Waters still muddy for moonlighting MPs

The draft then went through better hands than mine and in September 2003, ICAC released a 105-page report making 14 recommendations designed to improve the regulation and disclosure of secondary employment of MPs in the public affairs field. Five months later, the bipartisan Legislative Assembly ethics committee sat down to consider ICAC's recommendations.

By then, though, the Brogden affair was ancient history: the 2003 election returned Labor to power, the Government had had its fun with Brogden with the original (and unsuccessful) referral to ICAC, and let's face it, the Opposition was hardly likely to consider Brogden's circumstances inappropriate. Even the independent committee member, Clover Moore, who originally asked ICAC to recommend that MPs be generally barred from other employment, would soon don a second hat as Lord Mayor of Sydney.

So, the seeds of the ICAC report fell on barren ground.

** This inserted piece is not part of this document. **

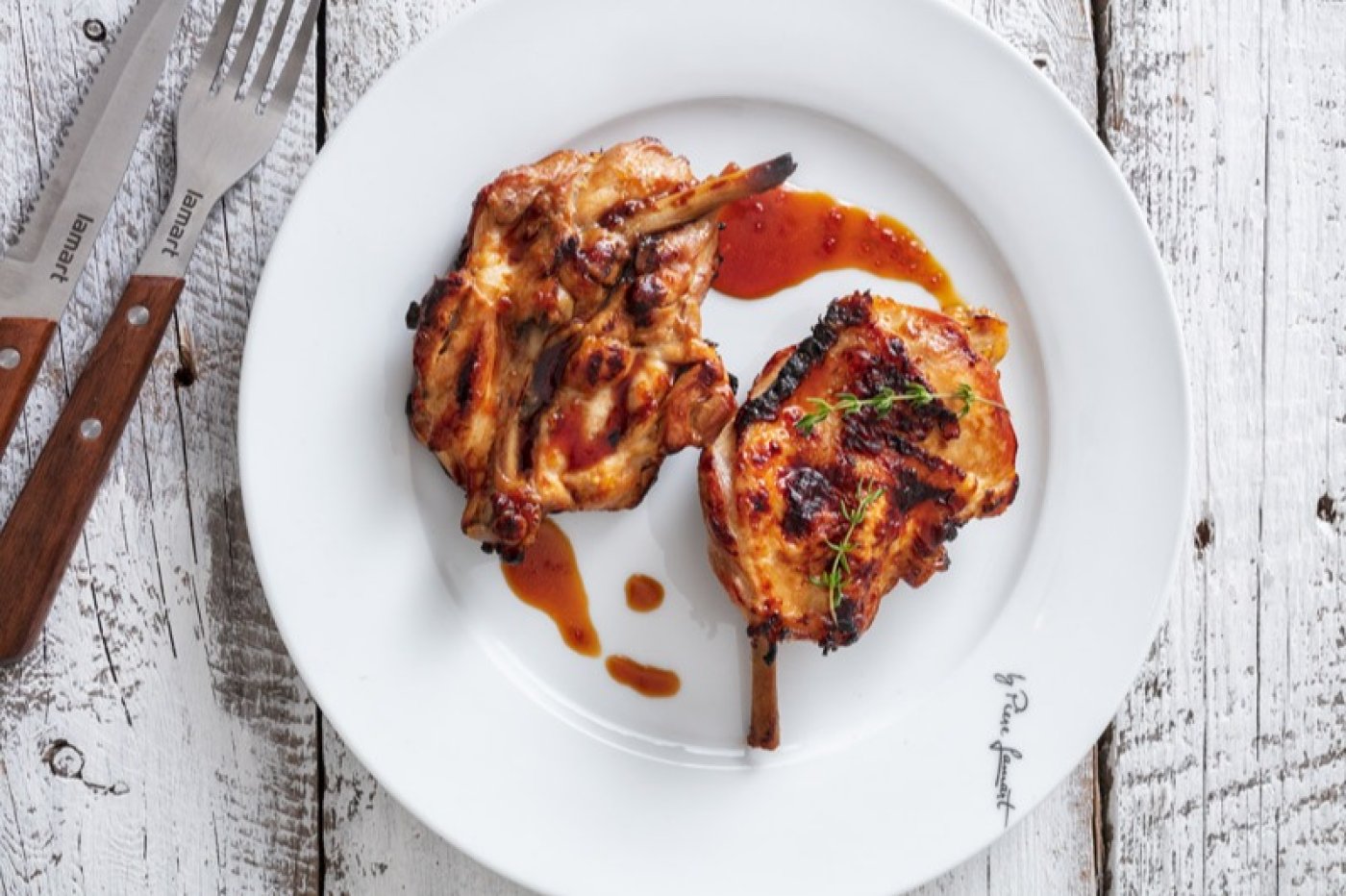 Zbylou marinádu krátce povařte na sporáku, stáhněte a nechte v ní rozpustit máslo. Připravenou omáčkou přelijte upečená stehna a dejte je ještě 5 minut zapéct.

In its report, tabled in September 2004, the ethics committee dismissed, ignored or deferred practically every one of the 14 recommendations for changing the MPs' Code of Conduct or pecuniary interest rules.

These included recommendations such as a specific prohibition on paid advocacy (that is, asking questions or making speeches for cash). Even a suggestion that the MPs' pecuniary interests register be made available on the internet - as it is for Westminster and the Scottish Parliament - was deferred pending the conclusion of a trial of internet access in Western Australia. Needless to say, no further action has been taken on this front either.

However, because ICAC had worded its recommendations to ask the Legislative Assembly to consider its suggestions, the ethics committee was able to state (last April) that it had implemented 12 of the 14 recommendations simply by considering them. The commission dutifully noted this in its last annual report.

The sad result is that despite nearly two years of work by ICAC and the ethics committee, no citizen is any wiser about what NSW MPs get up to if they take on consultancy work than when the Brogden affair broke four years ago. If politicians were not about to take the seemingly drastic step of barring secondary employment, then the public might still have been somewhat served by greater transparency about the nature of any additional work.

At the time that I was preparing my draft report, I gave it the file name "Bristol" after the electorate of the 18th-century English MP and philosopher Edmund Burke, who, in one famous speech, told his electors that among their entitlements from him, they could expect that he would provide his industry. This was a motivation I believed worthy of emulation by all full-time, professional MPs in the 21st century. After all, a handsome salary, generous allowances and a munificent superannuation scheme are supposed to support their duties and compensate for potential lost income that their skills might attract elsewhere.

As a former parliamentary staffer, I do not subscribe to the cynical view of politicians as overpaid, good-for-nothing layabouts. I know that the vast majority of MPs are hard-working, dedicated representatives, whose parliamentary, electorate and political functions rarely, if ever, leave them with much time for second jobs of any kind.

But by green-lighting MPs' moonlighting - and muddying the trail of transparency - the parliamentary ethics committee has done itself, its MP colleagues and, ultimately, we the voters, a great disservice.

Stephen Murray is a political analyst.